Нас доставили к памятнику Дзержинскому и притиснули к ограждению. Гарик был невероятно возбужден. Гляди — Станкевич! — кричал он мне на ухо, как будто Станкевич был по меньшей мере Ринго Старр и на него надо было смотреть снизу вверх. А это кто, с бородкой? Ну тот, который всем руководит, ты не знаешь, кто он? (А кто такой Станкевич?) Ты только погляди — гебня попряталась за занавесками, ждет, что дальше будет, пойдут их штурмовать или нет. Тараканы под диваны, а козявочки под лавочки. А что — покончить с ними раз и навсегда! — петушился он, очень смешной в этих своих усиках.
Но народ не хотел крови, он требовал хлеба и зрелищ. К Железному Феликсу подкатили кран, накинули на шею петлю, обвязали веревками, приподняли — и он поплыл над головами, несколько театрально, как мне показалось, одна рука в кармане, как у заправского чтеца. Освещаемый вспышками фотокамер, Феликс медленно вращался и раскланивался направо-налево, как бы благодаря зрителей или извиняясь за то, что его номер затянулся.

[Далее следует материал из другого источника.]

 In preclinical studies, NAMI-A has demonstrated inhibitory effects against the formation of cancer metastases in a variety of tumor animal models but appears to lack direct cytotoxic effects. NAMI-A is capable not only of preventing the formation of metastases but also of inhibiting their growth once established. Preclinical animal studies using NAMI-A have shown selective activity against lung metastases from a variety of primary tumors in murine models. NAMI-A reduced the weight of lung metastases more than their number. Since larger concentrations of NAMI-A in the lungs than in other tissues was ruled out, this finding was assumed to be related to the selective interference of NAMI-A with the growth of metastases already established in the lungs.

Трудно было отделаться от ощущения, что мы присутствуем при повешении. К проклятому чекисту-кровопийце я никакого сочувствия не испытывала, но тут из него прямо пионера-героя сделали или декабриста. Повесили табличку типа «поджигатель», вздернули, сняли, опрокинули на асфальт лицом вниз, пустив всех желающих попирать его ногами, что желающие и сделали. Потом на постамент влез парень с матюгальником, за ним другой, они начали размахивать триколором и митинговать, и я попросилась домой.

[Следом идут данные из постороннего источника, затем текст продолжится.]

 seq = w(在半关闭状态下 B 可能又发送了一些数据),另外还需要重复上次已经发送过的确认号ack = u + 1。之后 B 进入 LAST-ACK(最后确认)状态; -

Аська устала, сказал Гарик, отведу ее и вернусь, не расходитесь.
Но никто и не думал расходиться. Провожать пошли все одноклассники, Качусов и еще какие-то приблудные новые друзья. Это было трогательно, но бесполезно, потому что я твердо решила, что лягу спать, и легла, и уснула мгновенно, как будто меня пытали в подвалах Лубянки целую неделю, не давая головы приклонить, обливали ледяной водой из ведра, а потом внезапно выпустили, не предъявив обвинения, так ничего и не объяснив.
Капитуляция
Гарик, опьяненный свободой, спал на раскладушке. Его пастернаковский профиль сделался еще более пастернаковским на фоне белоснежной наволочки, а спутанные влажные волосы довершали сходство с поэтом-романтиком. Бедняга, ему опять досталось слишком теплое одеяло. Он еле слышно сопел, приоткрыв рот, на висках завивались черные колечки. Не мешало бы ему постричься, иначе он скоро будет похож не на Пастернака, а на декабриста Рылеева, подумала я, взяла рюкзачок и тихонько проследовала к двери.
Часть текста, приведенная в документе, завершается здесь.